Asuntos que a veces dominan completamente la escena polítca de Chile, El Mercurio no se molesta en comentarlos, otros sin embargo, causan una preocupación grande en el “Decano” de la prensa oligárquica chilena. Es el caso de un editorial que comentaremos párrafo por párrafo para intentar echar un poco de luz en el metalenguaje sibilino de los editoriales de ese diario.
Bajo el título “Asambleísmo plebiscitario” El Mercurio editorializa sobre el tema Asamblea Constituyente. El texto es el siguiente (en cursiva El Mercurio. Nuestros comentarios en recta)
“Una vez más se presenta en nuestra escena política la tentación del asambleísmo plebiscitario, impulsado por quienes confunden el fracaso de sus propias estrategias de reforma con una crisis del sistema político y de la democracia representativa.
El título del editorial mercurial es ya agitación y propaganda. La palabra “asambleísmo” describe una fenómeno negativo en la vida política.

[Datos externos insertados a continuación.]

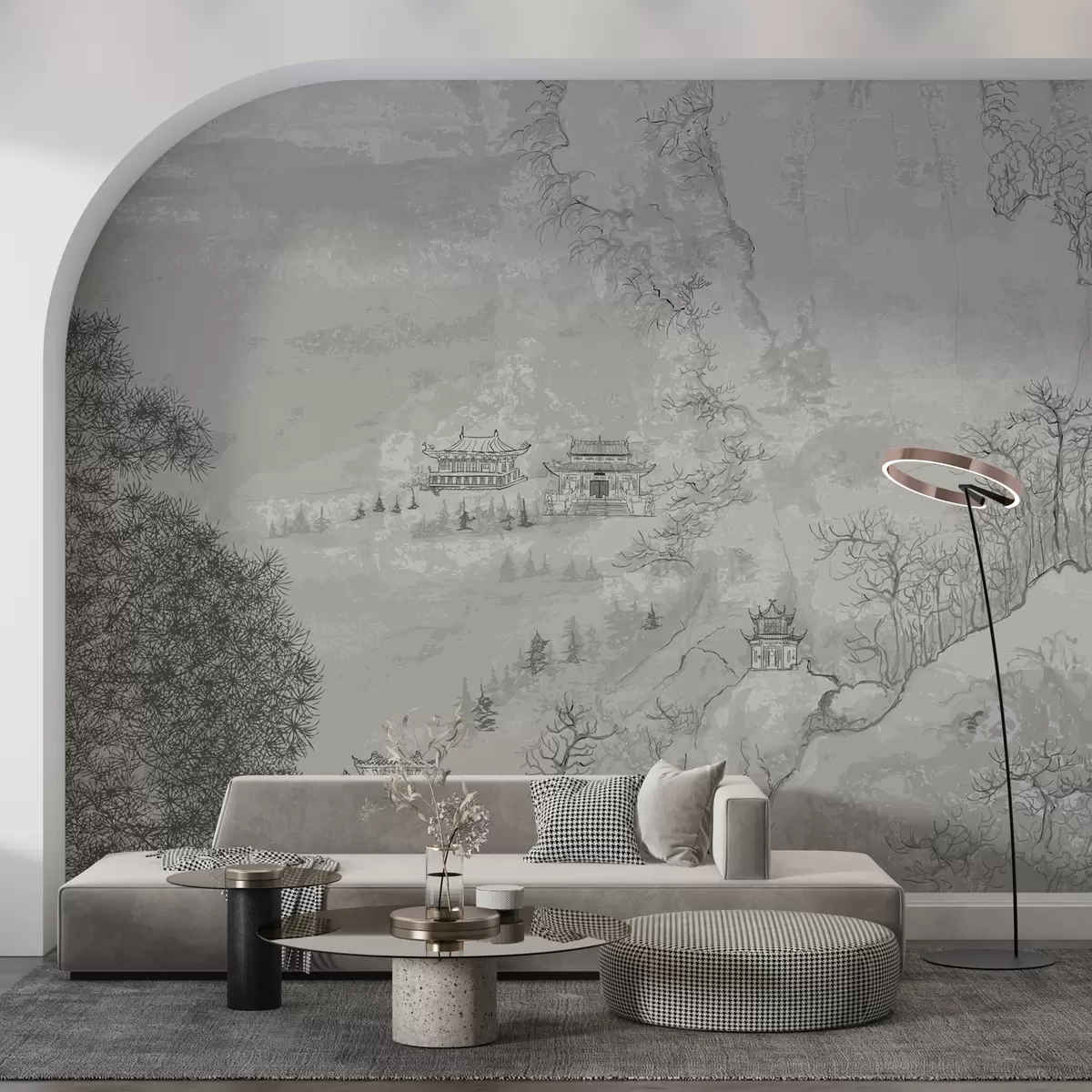 Fototapeten Illustration einer chinesischen Landschaft im Stil der alten chinesischen Malerei N° u98699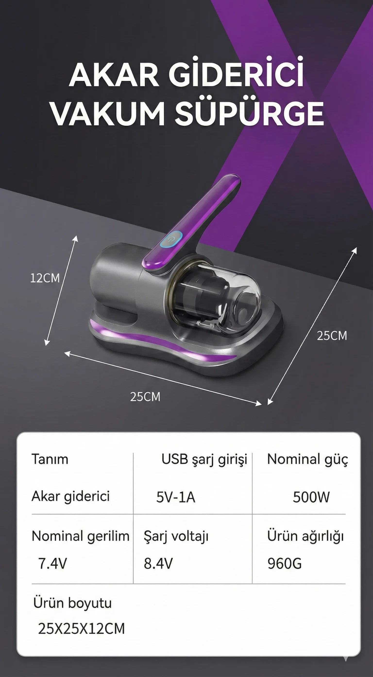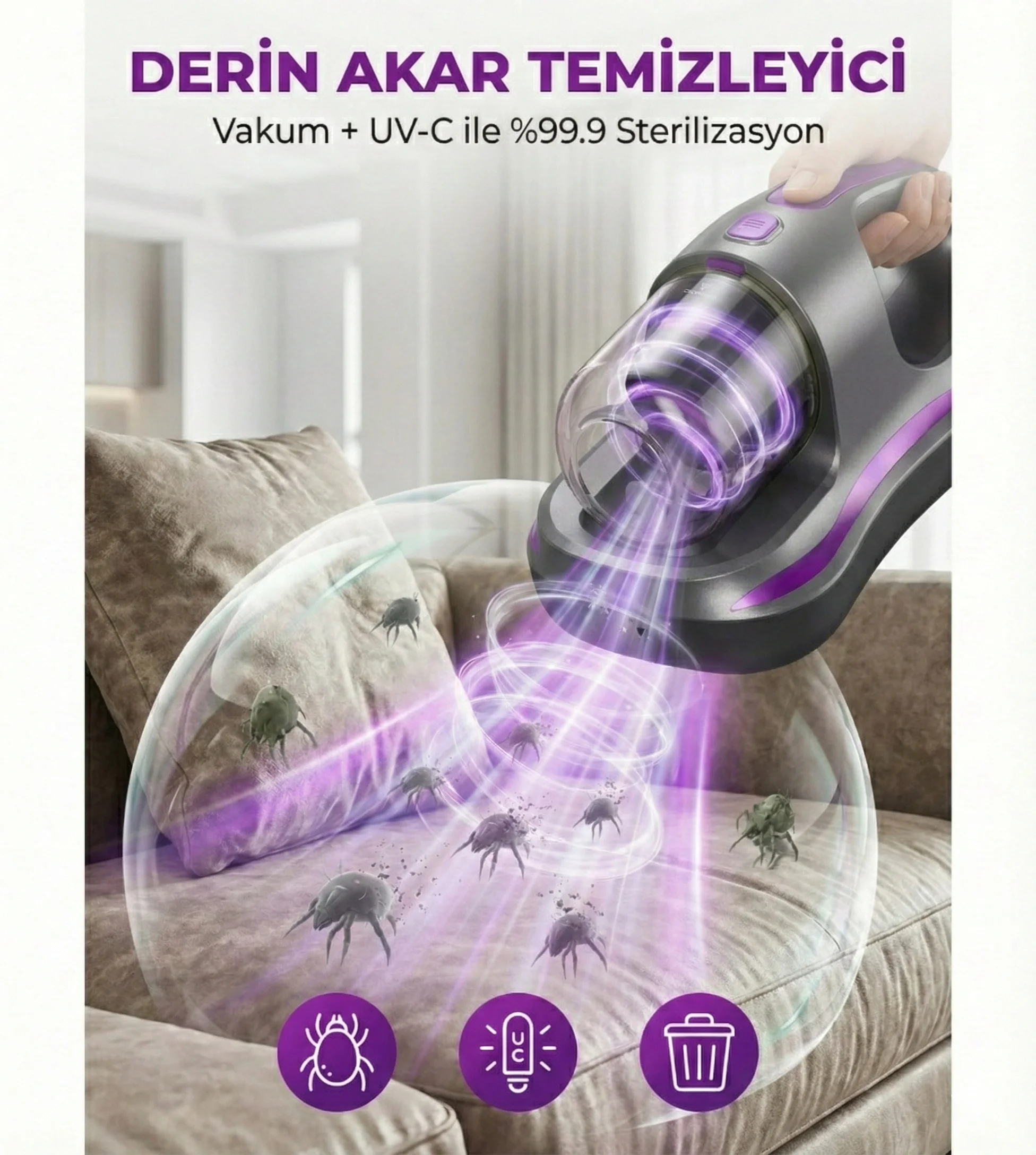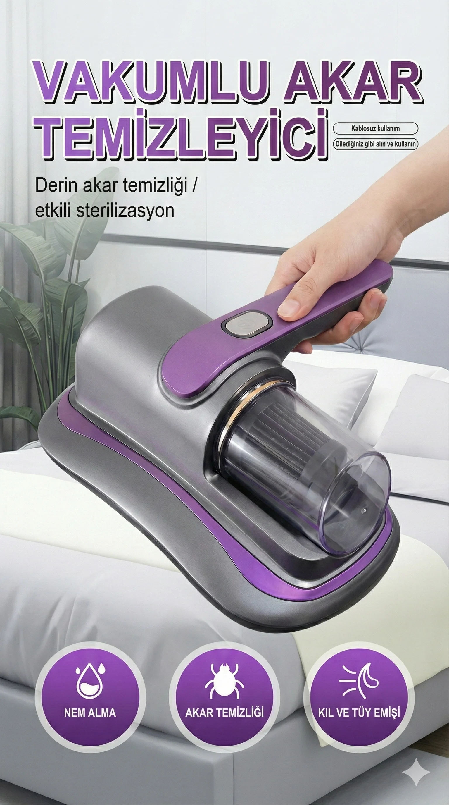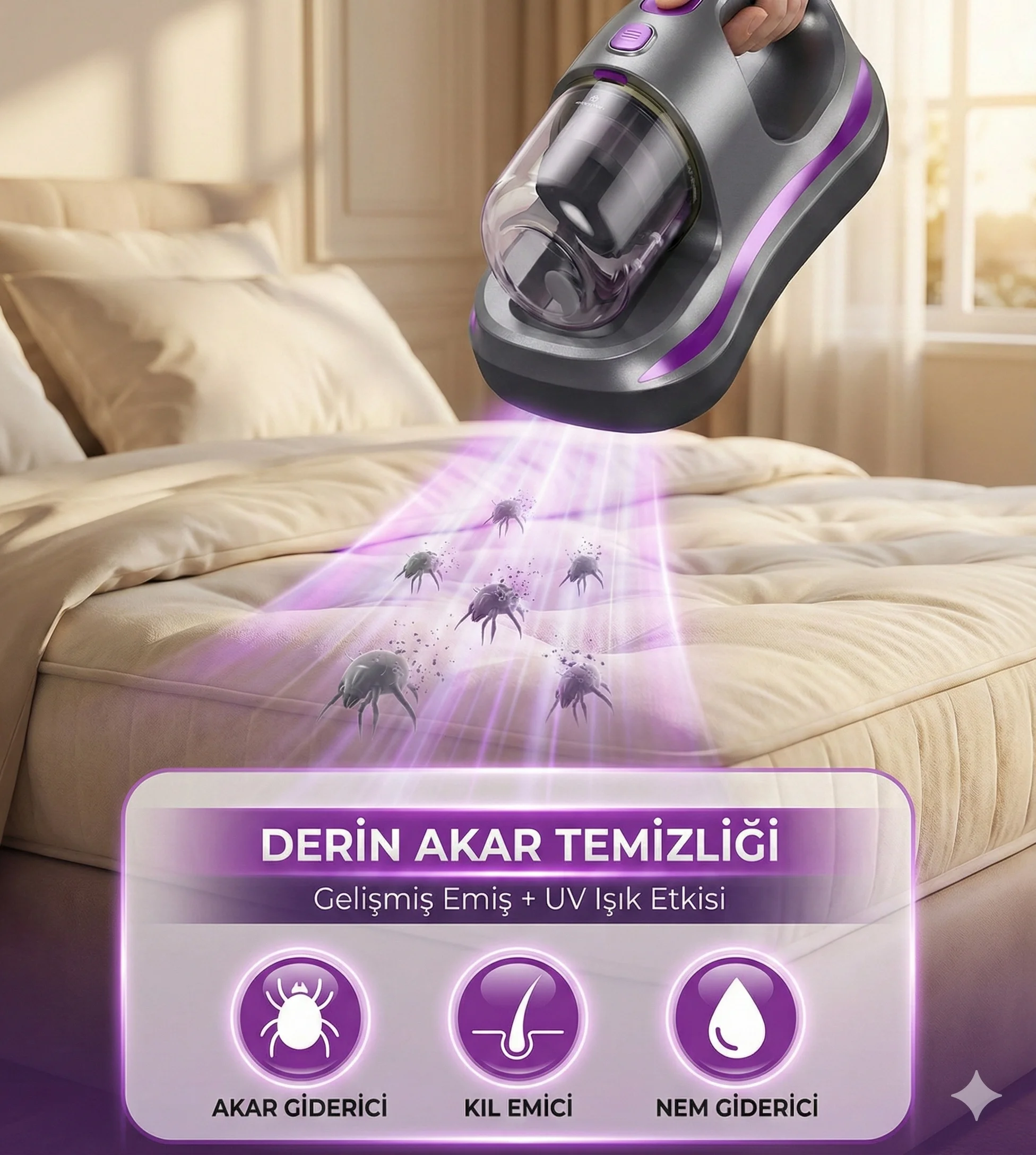 Yatak temizliği için özel olarak tasarlanmış bu gelişmiş temizlik cihazı, UV ışık teknolojisi sayesinde bakterileri, böcekleri ve akarları %99,9 oranında etkili bir şekilde uzaklaştırır. Güçlü motoru sayesinde yatağın derinliklerine kadar inerek tüm kir ve tozları içine çeker, yataklarınızı tertemiz yapar. Farklı kullanım alanlarına uygun olarak tasarlanmıştır; peluş oyuncaklar, kanepeler ve hatta giysilerde de kullanılabilir. Cihazın ince filtreleme sistemi, büyük toz parçalarını bile etkili bir şekilde hapseder. Ergonomik tasarımı ve kompakt boyutları sayesinde kullanımı son derece kolaydır.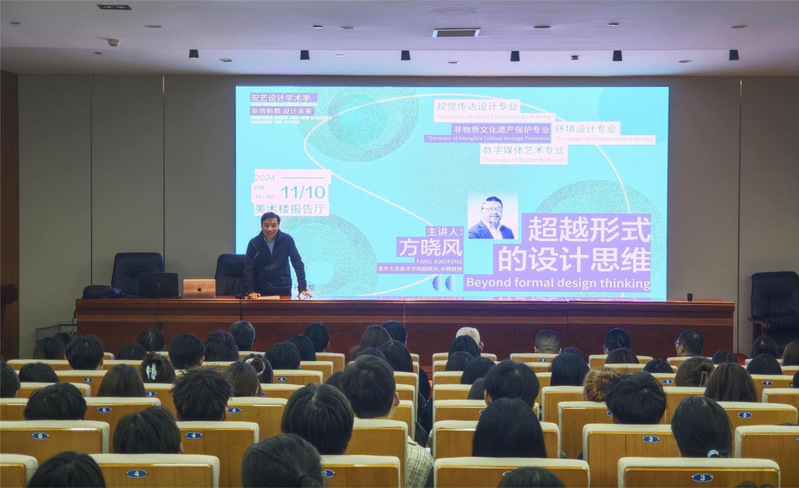 11月10日,一场主题为《超越形式的设计思维》的讲座在新葡的京集团3512vip美术楼报告厅成功举办。本次讲座是“安艺设计学术季”系列讲座之一,由清华大学美术学院副院长,长聘教授博士生导师,中国《装饰》杂志社主编、编委方晓风教授主讲,新葡的京集团3512vip党委委员、副校长陈林主持,设计学院党总支书记俞璋凌作总结讲话。设计学院众多学子与相关教师前来聆听。
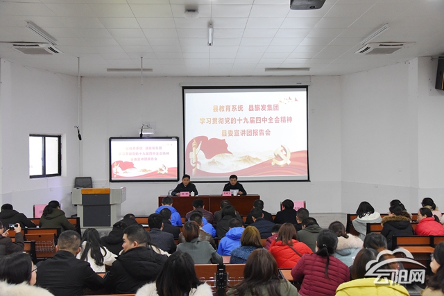 • 云阳网讯(记者 王彬彬 朱学徽)12月13日,县教育系统县旅发集团学习贯彻党的十九届四中全会精神宣讲报告会在实验中学召开,县委宣讲团成员徐锋作宣讲报告。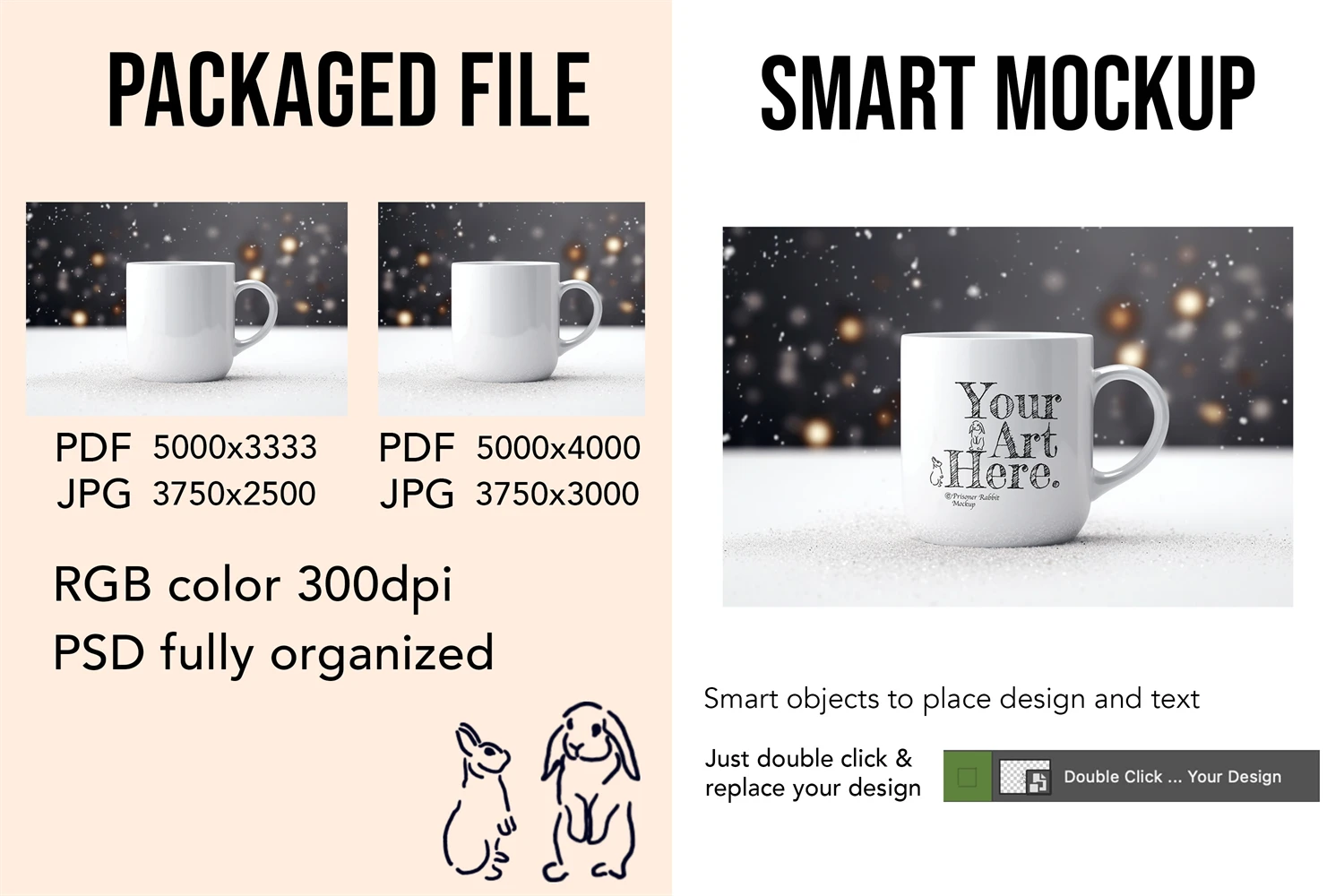 Coffee mug mockup with Photoshop (PSD) template for drawing design, pattern, svg, art and graphic designs.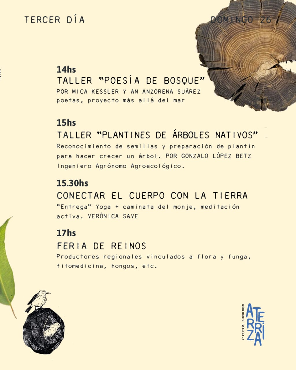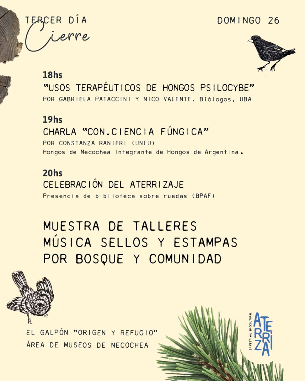 Al finalizar la charla “Con.ciencia fúngica”, música, arte y sorpresas. Recomiendan desde la organización mirar el programa completo en redes sociales ( Instagram y Facebook) para aprovechar las propuestas. También en un link en la bio de su página de Instagram, estará la información ampliada, que también se puede pedir por correo a festivalaterriza@gmail.com. Las actividades son gratuitas con colaboración voluntaria.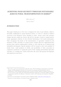 Kočović, Milica and Pantić, Olivera (2014) Achieving food security through sustainable agricultural transformation in Serbia. In: Toward green economy: opportunities and obstacles for Western Balkan countries. Xlibris Publishing, Bloomington, pp. 160-174. ISBN 978-1-503532-946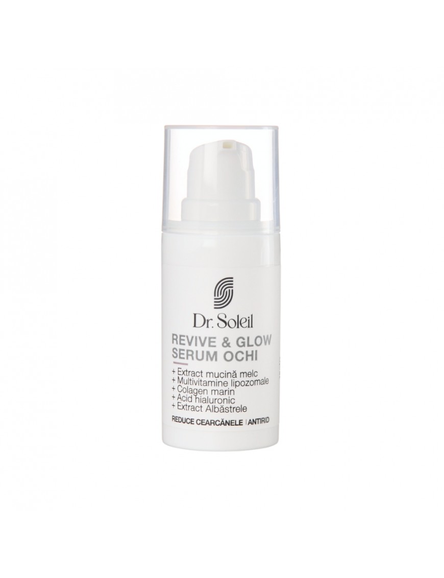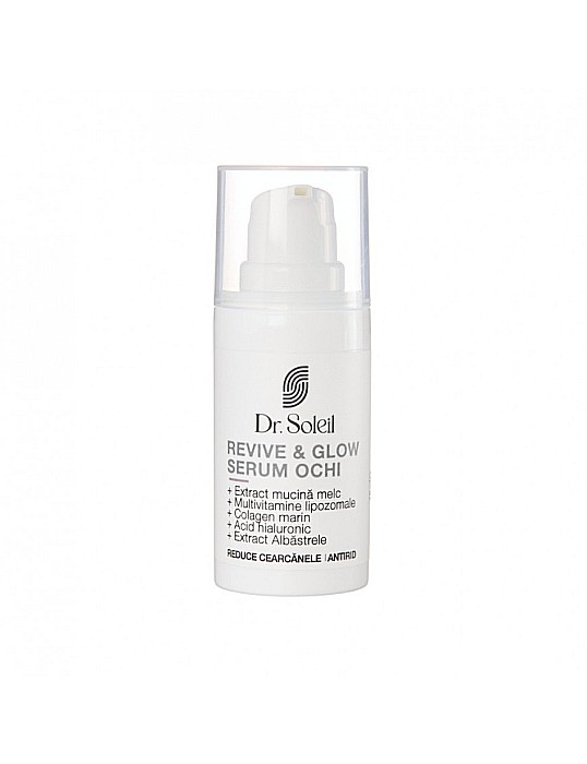 Crema Revive & Glow Dr. Soleil este o formula inovatoare imbogatita cu mucina de melc, acid hialuronic si colagen marin. Conceputa pentru a hidrata intens, a stimula regenerarea celulara si a reda fermitatea pielii, aceasta crema are textura lejera, se absoarbe rapid si ofera un finisaj mat, fiind ideala si ca baza pentru machiaj. Produs testat dermatologic, fara parabeni si coloranti, prietenos cu animalele, creat si fabricat in Romania.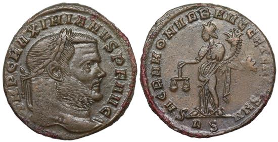 IMP C MAXIMIANVS P F AVG; laureate head right; slight drapery on left shoulder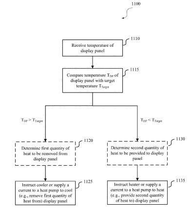 专利描述的系统包括显示面板、配置为测量显示面板温度的温度传感器、耦合到显示面板并配置为向显示面板传递热量或从显示面板传递热量的热电装置,以及电耦合到温度传感器和热电装置的控制器。控制器配置为接收显示面板的测量温度,并基于显示面板的测量温度,向热电装置发送第二信号,以使热电装置从显示面板移除第一量热量,或向热电装置发送第三信号,以使热电装置向显示面板提供第二量热量。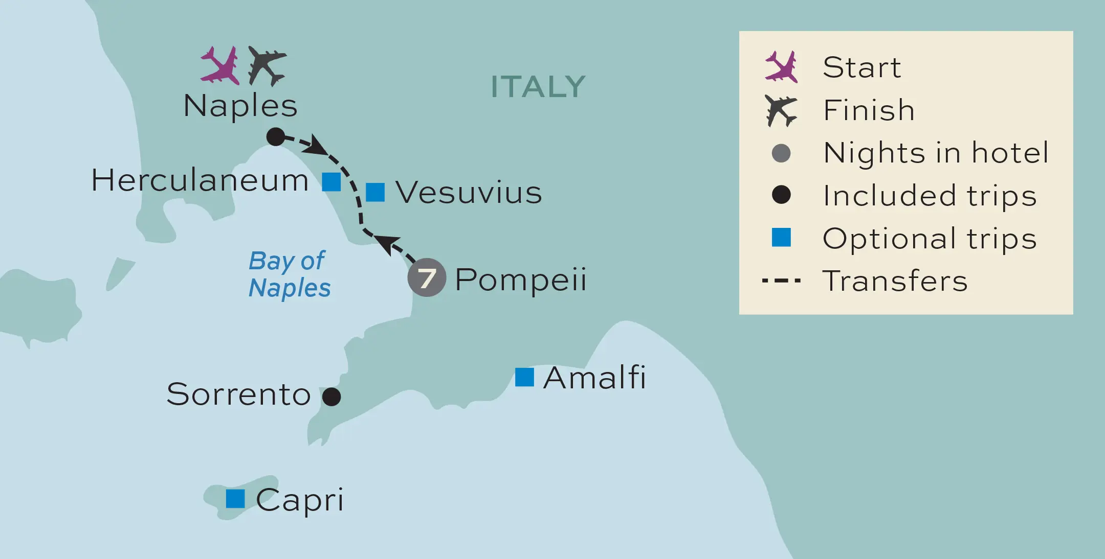 Today, you fly to Naples and transfer to your hotel in the beautiful Bay of Naples. Famous for its beauty, mild climate and fascinating history, the area's attractions range from lovely resorts and idyllic islands to world-famous archaeological sites. With its picture-perfect streets, laid-back café culture and great cuisine, where better to experience the Italian lifestyle. This evening we'll get to know one another over a welcome drink before dinner.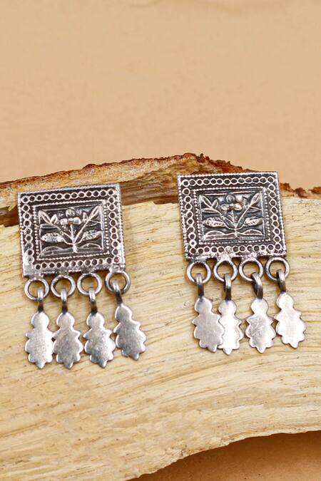 Silver toned quad shaped oxidised leaf drop earrings featuring carved plumeria depictions
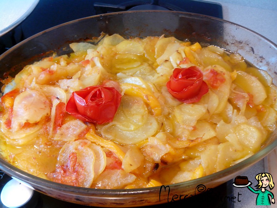 - Con las patatas que tenemos reservadas, las escurriremos y colocaremos por encima de nuestra mezcla de cebolla, pimientos y bacalao…

Es cuando hay un sinnúmero de asambleas que son completamente ineficaces por su número, desorden y falta de coherencia y el término “plebiscitario” es un trapo rojo para la oligarquía chilena que le teme a la manifestación popular masiva como el diablo al agua bendita y El Mercurio lo sabe, de ahí el titulo.
En el primer párrafo despacha anticipadamente a los que postulan la necesidad de una Asamblea Constituyente calificándolos de “fracasados” que no han sido capaces de imponer sus afanes de reforma institucional y confunden dicho fracaso con una crisis del sistema político y de la democracia representativa. Naturalmente que dicha afirmación es falsa ya que mal se puede lograr alguna reforma en el sistema institucional con la Constitución de 1980 si ella exige quorums para ser reformada que son imposibles de lograr en ninguna parte. Es decir es imposible, fuera de impulsar “reformas” cosméticas que no afectan en nada el sistema como lo hizo Ricardo Lagos con apoyo de la derecha en el 2005.
Respecto de la crisis, El Mercurio ignora olímpicamente y desde su blindado “fuerte” en Las Condes, que exista una crisis, lo que también es una falacia ya que cualquier ciudadano y hasta el mas ingenuo y despreocupado puede apreciar, sin hacer mayor esfuerzo, que el país entero en toda su multifacética realidad se encuentra en crisis, en una crisis de espíritu por la que las chilenas y chilenos tienen la sensación de que “esto no da para mas” y la insatisfacción es generalizada.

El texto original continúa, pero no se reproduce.